**What is required:** From the line containing "欧米人風あだ名 | 『マイケルじゅきら』『ウサインじゅきら』 |" down to the line containing "hàng hiệu. |" in the records below, reproduce every line exactly, ends included, and omit all others.

**Source information:**
=== Begin Enclosure ===

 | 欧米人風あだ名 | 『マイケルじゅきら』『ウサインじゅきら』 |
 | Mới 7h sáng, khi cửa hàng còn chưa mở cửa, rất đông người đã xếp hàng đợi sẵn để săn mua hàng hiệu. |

=== End Enclosure ===
=== Begin Enclosure ===

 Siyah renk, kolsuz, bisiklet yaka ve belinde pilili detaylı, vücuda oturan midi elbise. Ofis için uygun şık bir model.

=== End Enclosure ===
=== Begin Enclosure ===

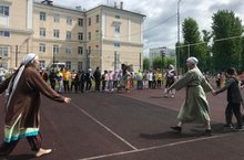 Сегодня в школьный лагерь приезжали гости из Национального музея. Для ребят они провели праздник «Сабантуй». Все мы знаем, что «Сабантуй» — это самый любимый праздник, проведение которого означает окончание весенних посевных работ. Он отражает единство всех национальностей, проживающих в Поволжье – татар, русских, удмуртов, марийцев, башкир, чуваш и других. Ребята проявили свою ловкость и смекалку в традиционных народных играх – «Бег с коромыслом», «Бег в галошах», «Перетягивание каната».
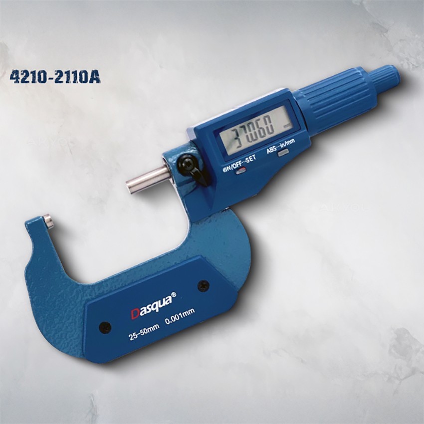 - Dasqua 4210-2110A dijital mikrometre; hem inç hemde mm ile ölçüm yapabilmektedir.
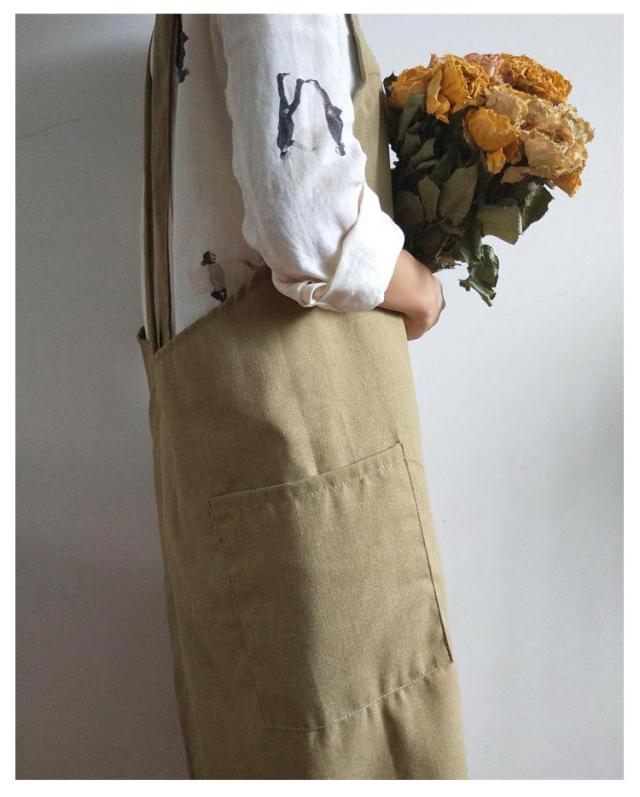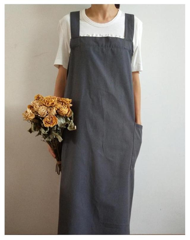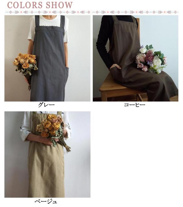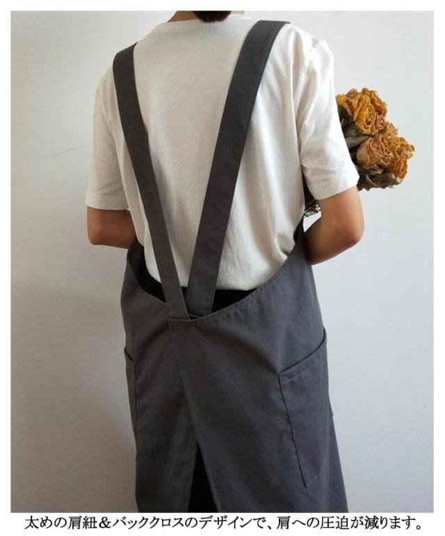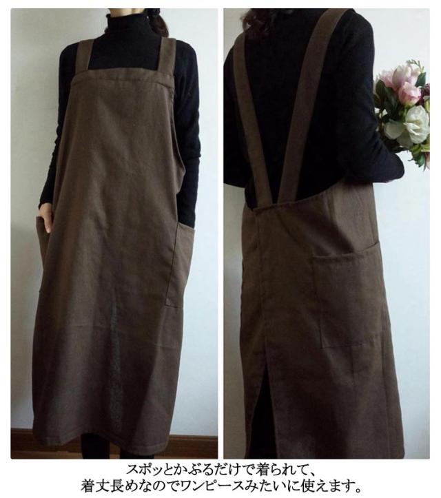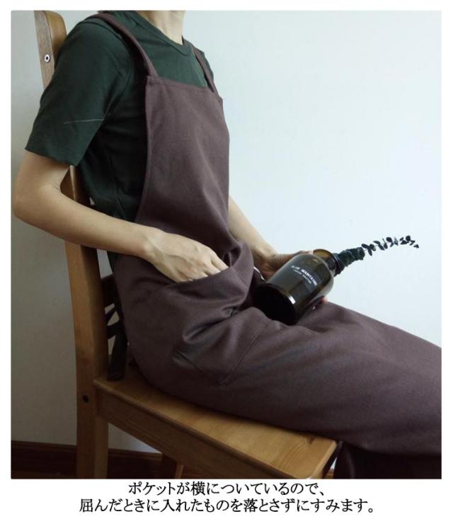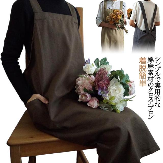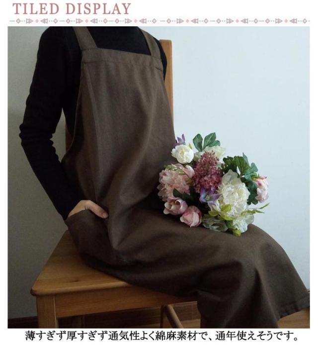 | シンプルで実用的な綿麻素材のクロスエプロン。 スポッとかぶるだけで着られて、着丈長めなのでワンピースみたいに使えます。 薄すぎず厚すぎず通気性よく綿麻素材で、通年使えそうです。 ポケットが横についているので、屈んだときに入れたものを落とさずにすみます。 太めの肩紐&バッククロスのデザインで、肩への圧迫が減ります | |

=== End Enclosure ===

**Output:**
 | 欧米人風あだ名 | 『マイケルじゅきら』『ウサインじゅきら』 |
 | Mới 7h sáng, khi cửa hàng còn chưa mở cửa, rất đông người đã xếp hàng đợi sẵn để săn mua hàng hiệu. |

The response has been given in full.